District leadership told the board the state’s revenue forecast has improved modestly but a significant shortfall remains; board members were urged to prepare for possible 0.5–5% reductions from the state. One presenter said a 5% cut to the state school fund would reduce Parkrose’s revenue by about $2,000,000 and would likely force staff reductions.
Superintendent-level comments to the board highlighted a separate operational risk: the federal compliance supplement for audits has not been issued. Speaker 5 said auditors cannot complete the compliance portion of the single audit without the federal guidance; if the district does not have a completed audit opinion by Dec. 31 the state can withhold state school fund payments. Options presented by auditors included taking a risk and completing the audit without the compliance supplement or paying extra to obtain separate audit opinions; the superintendent said she may recommend spending to avoid withholding monthly state funds.

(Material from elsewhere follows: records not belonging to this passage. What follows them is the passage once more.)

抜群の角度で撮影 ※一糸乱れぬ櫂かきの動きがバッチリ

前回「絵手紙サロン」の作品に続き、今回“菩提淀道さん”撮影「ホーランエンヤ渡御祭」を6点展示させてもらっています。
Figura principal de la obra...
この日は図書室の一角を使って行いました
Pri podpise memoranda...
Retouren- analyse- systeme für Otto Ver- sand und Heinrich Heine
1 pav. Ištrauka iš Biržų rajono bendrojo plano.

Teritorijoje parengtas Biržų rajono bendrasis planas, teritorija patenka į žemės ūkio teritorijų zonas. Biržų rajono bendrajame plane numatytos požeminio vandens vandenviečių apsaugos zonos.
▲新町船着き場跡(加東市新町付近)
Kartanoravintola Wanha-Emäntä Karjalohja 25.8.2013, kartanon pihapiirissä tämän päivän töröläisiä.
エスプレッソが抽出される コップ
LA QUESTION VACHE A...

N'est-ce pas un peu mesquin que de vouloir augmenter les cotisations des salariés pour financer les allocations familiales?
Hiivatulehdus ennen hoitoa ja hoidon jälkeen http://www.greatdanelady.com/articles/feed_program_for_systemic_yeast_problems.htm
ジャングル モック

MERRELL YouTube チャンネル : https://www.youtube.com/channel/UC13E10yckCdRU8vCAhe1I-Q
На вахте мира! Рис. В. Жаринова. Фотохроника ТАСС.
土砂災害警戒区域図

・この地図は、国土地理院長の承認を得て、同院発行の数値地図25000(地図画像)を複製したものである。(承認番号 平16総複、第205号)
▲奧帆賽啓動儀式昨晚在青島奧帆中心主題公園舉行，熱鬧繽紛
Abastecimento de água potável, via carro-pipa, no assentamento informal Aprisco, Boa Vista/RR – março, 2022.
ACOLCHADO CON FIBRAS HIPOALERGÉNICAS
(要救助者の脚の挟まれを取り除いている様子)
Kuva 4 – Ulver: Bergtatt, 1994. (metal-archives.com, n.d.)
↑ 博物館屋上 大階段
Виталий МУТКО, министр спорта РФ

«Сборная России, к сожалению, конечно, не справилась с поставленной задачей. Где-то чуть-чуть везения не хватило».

On policy, the board debated a proposed stipends and reimbursements policy. Board members expressed concern about taking funds from district resources while current programs lack resources. After discussion a motion to adopt bracket option 3 (no board compensation) with an amendment requiring an annual review at the July organizational meeting passed by voice vote.
Actions taken: the board voted to uphold the superintendent’s decision in a volunteer‑exception complaint (Policy KO), approved the Student Investment Account grant agreement for 2025–2027, approved the 2025–2026 board goals, and adopted the stipend policy with Option 3 and an annual review amendment.
What happens next: district administrators said principals will be asked to freeze nonessential general‑fund spending in January while the district awaits the next state revenue forecast (February 4) and staff will update the board in December about advocacy steps and potential audit expenditures.